There are many important conversations about the difficulties of being a Black mother, particularly in this year of reckoning where mothers from around the world heard George Floyd call out for his. That conversation is one we should never stop having.
But we must also embrace and keep talking about the joy. I’m told that when my son arrived, I cried and repeated over and over again, “I love you I love you I love you.” I have no recollection of that, but I remember the bliss.
My son is a toddler now, and we have relocated to North Carolina near my family. When my son waves at every car that drives by, I like to believe that is the Southerner in him. He prefers the R&B remix of “Baby Shark” to the original and I like to believe that’s the Black in him.
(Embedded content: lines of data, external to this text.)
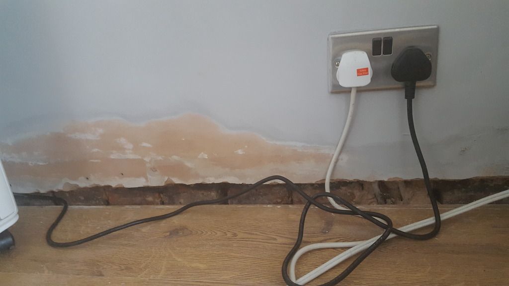 I have sanded the paint off as it just looks darker like it is wet? When it was plastered it was down to the floorboards so I have nocked it away so it is not touching the floorboards. There is a chimney breast on the right hand side but on the left it's the wall that connects to my kitchen. I don't think it's rising damp as it's not an external wall.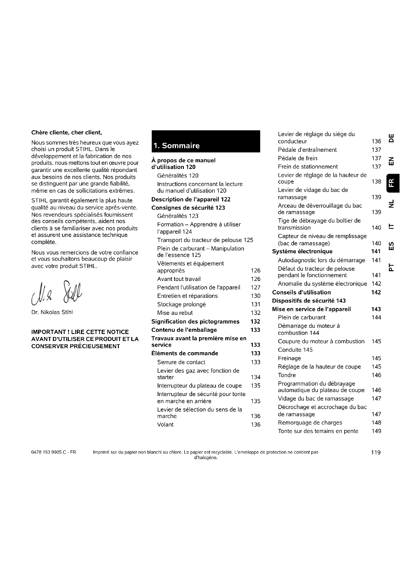Nous vous remercions de votre confiance et vous souhaitons beaucoup de plaisir avec votre produit STIHL.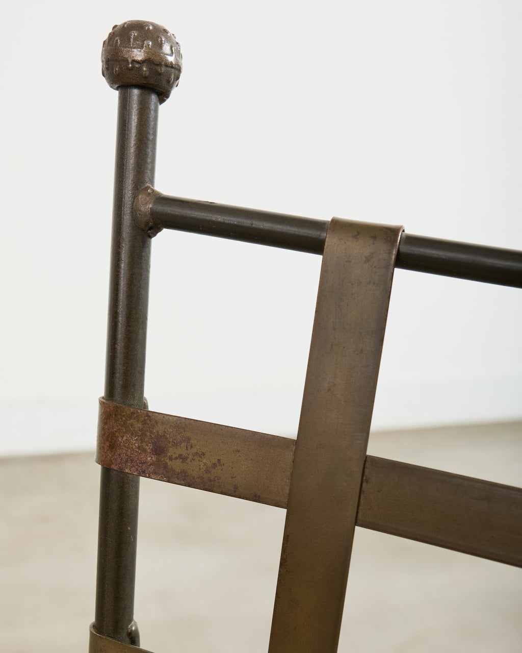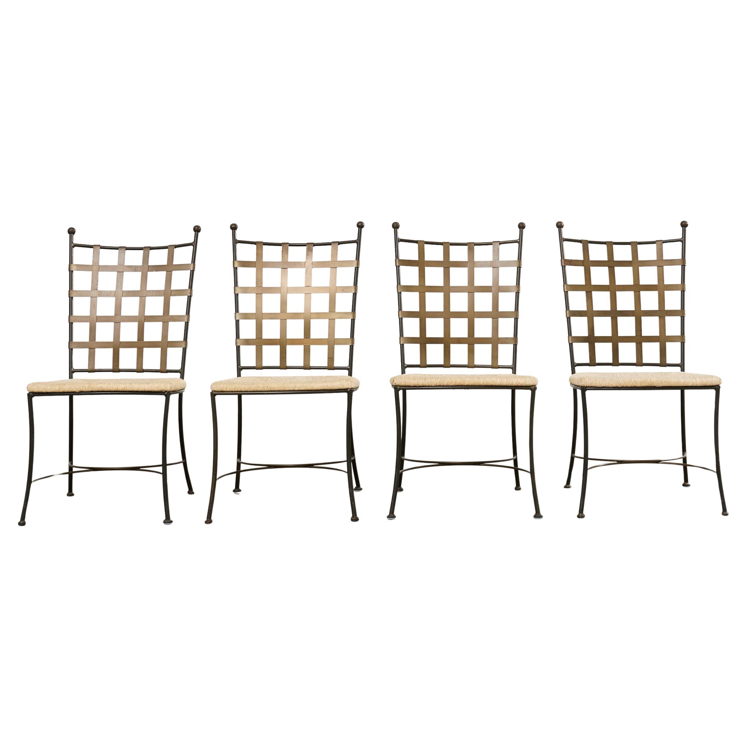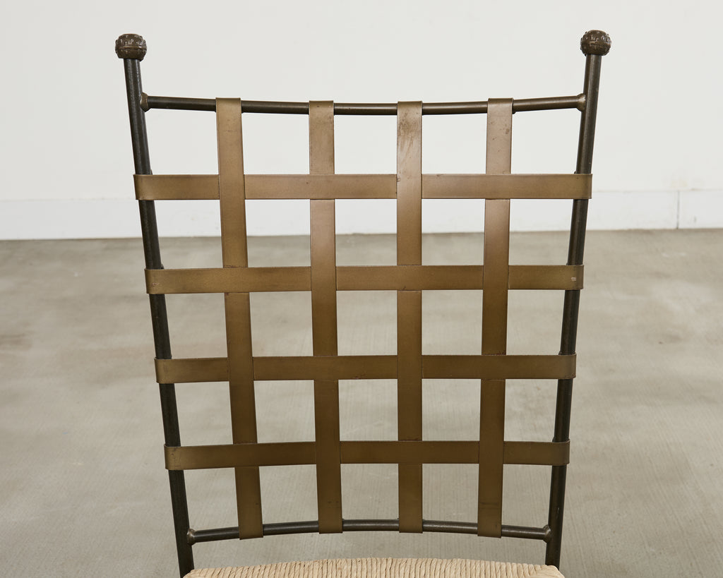 Iconic set of four Amalfi patio and garden dining chairs made in the manner and style of Mario Papperzini by Charleston Forge, North Carolina. The chairs feature a wrought iron frame with a bronzed finish. The backs of the chairs have a geometric lattice inset and ball finials on each corner. The generous wheat-toned seats have a woven rush bottom that is wide and comfortable. The seats are supported by splayed legs conjoined by demilune-shaped stretchers. The chairs are sturdy and strong with excellent joinery and craftsmanship. The iron has a dark oil rubbed bronze style finish. The design is airy with a slender profile in the European decorateur movement of the 1950-1960s. Sold as a set of four.

Even in life’s most difficult moments, he is a reminder to us that there is always room for more joy. He doesn’t know that the world is raging with a pandemic; he just knows that he gets to hang out at home with mom and dad. He doesn’t have to wonder if the reason no one joins him in the neighborhood kiddie pool might be because we’re the only Black family present; he thinks the pool was created just for him.
Recently, my mother indulged him as grandparents do with some bites of her favorite ice cream –
>butter pecan. A refreshingly cold treat with warm flavors and a nutty crunch. He grinned and asked for more, likely beginning to understand what I’ve known all along.
Black motherhood is more than grief and tribulations; it is also pecans.